**Entries taken from a collection**
⟨
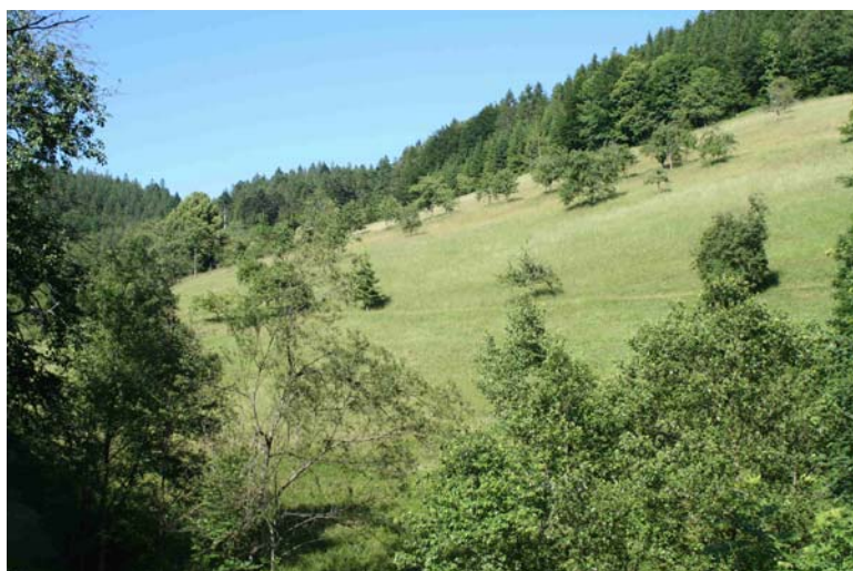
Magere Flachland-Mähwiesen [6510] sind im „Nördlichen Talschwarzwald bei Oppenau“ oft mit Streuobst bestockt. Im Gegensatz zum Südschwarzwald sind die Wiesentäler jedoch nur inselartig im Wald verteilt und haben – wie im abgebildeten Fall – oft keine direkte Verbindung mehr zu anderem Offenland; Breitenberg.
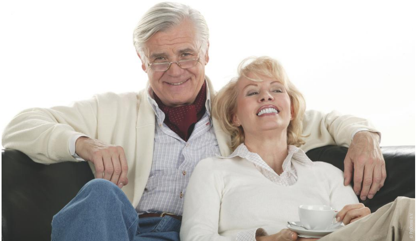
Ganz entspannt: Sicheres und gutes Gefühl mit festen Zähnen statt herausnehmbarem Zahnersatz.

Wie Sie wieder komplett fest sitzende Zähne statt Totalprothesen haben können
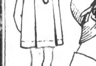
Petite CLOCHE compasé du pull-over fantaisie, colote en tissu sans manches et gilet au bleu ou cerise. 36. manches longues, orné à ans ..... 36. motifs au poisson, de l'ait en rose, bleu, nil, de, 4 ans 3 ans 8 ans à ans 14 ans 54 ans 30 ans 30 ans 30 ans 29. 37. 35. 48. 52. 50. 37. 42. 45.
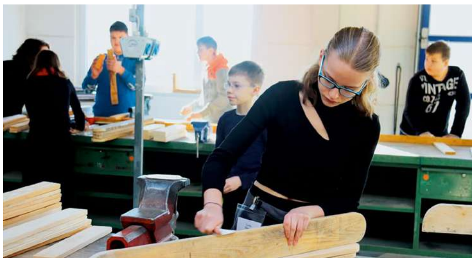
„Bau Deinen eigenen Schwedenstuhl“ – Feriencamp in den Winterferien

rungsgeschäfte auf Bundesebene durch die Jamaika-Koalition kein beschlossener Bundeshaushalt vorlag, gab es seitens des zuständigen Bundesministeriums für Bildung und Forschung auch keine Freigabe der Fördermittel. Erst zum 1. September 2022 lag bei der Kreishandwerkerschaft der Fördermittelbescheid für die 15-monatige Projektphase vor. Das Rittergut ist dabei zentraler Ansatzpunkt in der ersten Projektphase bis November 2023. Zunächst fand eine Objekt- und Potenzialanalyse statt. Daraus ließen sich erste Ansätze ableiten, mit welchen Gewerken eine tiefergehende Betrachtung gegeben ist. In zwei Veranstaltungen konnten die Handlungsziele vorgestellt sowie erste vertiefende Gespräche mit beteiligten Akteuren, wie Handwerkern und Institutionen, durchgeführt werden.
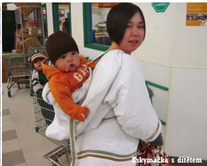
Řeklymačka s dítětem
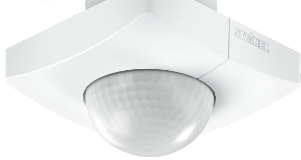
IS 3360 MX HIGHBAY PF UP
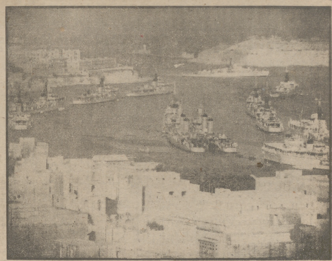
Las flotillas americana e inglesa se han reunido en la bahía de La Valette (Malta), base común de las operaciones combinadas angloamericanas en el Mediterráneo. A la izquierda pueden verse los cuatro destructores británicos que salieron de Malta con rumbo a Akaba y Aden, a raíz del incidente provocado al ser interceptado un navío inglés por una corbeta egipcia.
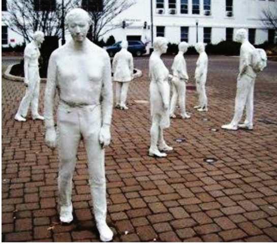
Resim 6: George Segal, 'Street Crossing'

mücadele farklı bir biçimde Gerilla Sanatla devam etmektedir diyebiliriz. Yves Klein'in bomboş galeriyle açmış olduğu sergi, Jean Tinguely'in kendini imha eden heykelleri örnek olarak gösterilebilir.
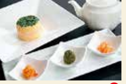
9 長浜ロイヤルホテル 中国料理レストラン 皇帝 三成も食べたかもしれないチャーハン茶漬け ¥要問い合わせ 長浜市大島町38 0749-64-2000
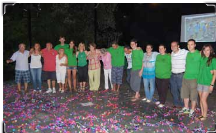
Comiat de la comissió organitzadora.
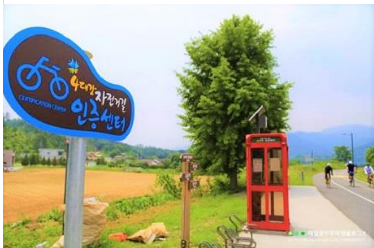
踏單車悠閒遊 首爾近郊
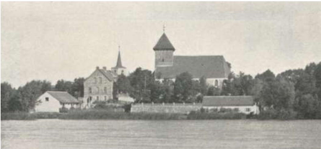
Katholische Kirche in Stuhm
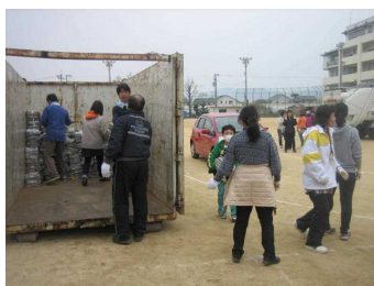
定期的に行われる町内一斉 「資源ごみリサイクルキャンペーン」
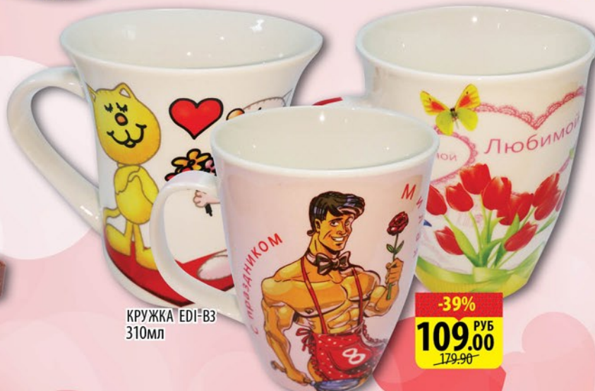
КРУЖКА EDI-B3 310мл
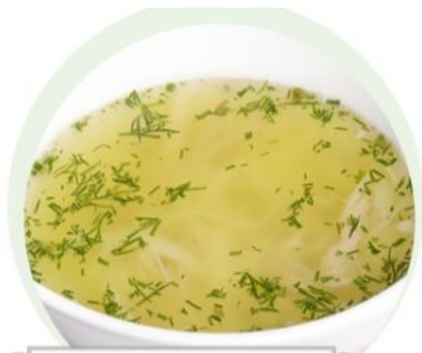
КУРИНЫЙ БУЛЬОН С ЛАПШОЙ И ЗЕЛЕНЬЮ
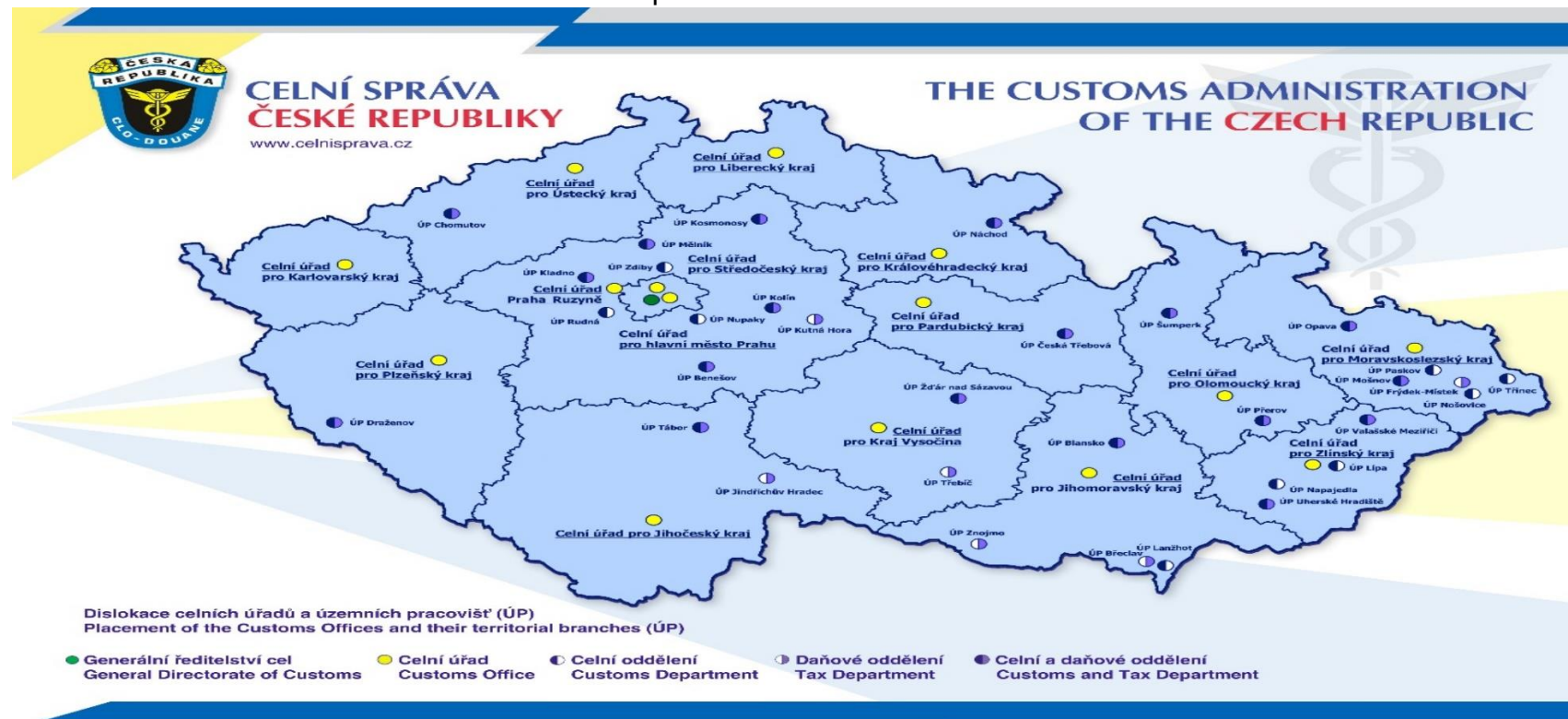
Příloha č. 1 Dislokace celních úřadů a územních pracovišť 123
⟩
**Prompt**
A word-for-word copy of the records is needed, one that contains no pictures.

**Finished exercise**
Magere Flachland-Mähwiesen [6510] sind im „Nördlichen Talschwarzwald bei Oppenau“ oft mit Streuobst bestockt. Im Gegensatz zum Südschwarzwald sind die Wiesentäler jedoch nur inselartig im Wald verteilt und haben – wie im abgebildeten Fall – oft keine direkte Verbindung mehr zu anderem Offenland; Breitenberg.
Ganz entspannt: Sicheres und gutes Gefühl mit festen Zähnen statt herausnehmbarem Zahnersatz.

Wie Sie wieder komplett fest sitzende Zähne statt Totalprothesen haben können
Petite CLOCHE compasé du pull-over fantaisie, colote en tissu sans manches et gilet au bleu ou cerise. 36. manches longues, orné à ans ..... 36. motifs au poisson, de l'ait en rose, bleu, nil, de, 4 ans 3 ans 8 ans à ans 14 ans 54 ans 30 ans 30 ans 30 ans 29. 37. 35. 48. 52. 50. 37. 42. 45.
„Bau Deinen eigenen Schwedenstuhl“ – Feriencamp in den Winterferien

rungsgeschäfte auf Bundesebene durch die Jamaika-Koalition kein beschlossener Bundeshaushalt vorlag, gab es seitens des zuständigen Bundesministeriums für Bildung und Forschung auch keine Freigabe der Fördermittel. Erst zum 1. September 2022 lag bei der Kreishandwerkerschaft der Fördermittelbescheid für die 15-monatige Projektphase vor. Das Rittergut ist dabei zentraler Ansatzpunkt in der ersten Projektphase bis November 2023. Zunächst fand eine Objekt- und Potenzialanalyse statt. Daraus ließen sich erste Ansätze ableiten, mit welchen Gewerken eine tiefergehende Betrachtung gegeben ist. In zwei Veranstaltungen konnten die Handlungsziele vorgestellt sowie erste vertiefende Gespräche mit beteiligten Akteuren, wie Handwerkern und Institutionen, durchgeführt werden.
Řeklymačka s dítětem
IS 3360 MX HIGHBAY PF UP
Las flotillas americana e inglesa se han reunido en la bahía de La Valette (Malta), base común de las operaciones combinadas angloamericanas en el Mediterráneo. A la izquierda pueden verse los cuatro destructores británicos que salieron de Malta con rumbo a Akaba y Aden, a raíz del incidente provocado al ser interceptado un navío inglés por una corbeta egipcia.
Resim 6: George Segal, 'Street Crossing'

mücadele farklı bir biçimde Gerilla Sanatla devam etmektedir diyebiliriz. Yves Klein'in bomboş galeriyle açmış olduğu sergi, Jean Tinguely'in kendini imha eden heykelleri örnek olarak gösterilebilir.
9 長浜ロイヤルホテル 中国料理レストラン 皇帝 三成も食べたかもしれないチャーハン茶漬け ¥要問い合わせ 長浜市大島町38 0749-64-2000
Comiat de la comissió organitzadora.
踏單車悠閒遊 首爾近郊
Katholische Kirche in Stuhm
定期的に行われる町内一斉 「資源ごみリサイクルキャンペーン」
КРУЖКА EDI-B3 310мл
КУРИНЫЙ БУЛЬОН С ЛАПШОЙ И ЗЕЛЕНЬЮ
Příloha č. 1 Dislokace celních úřadů a územních pracovišť 123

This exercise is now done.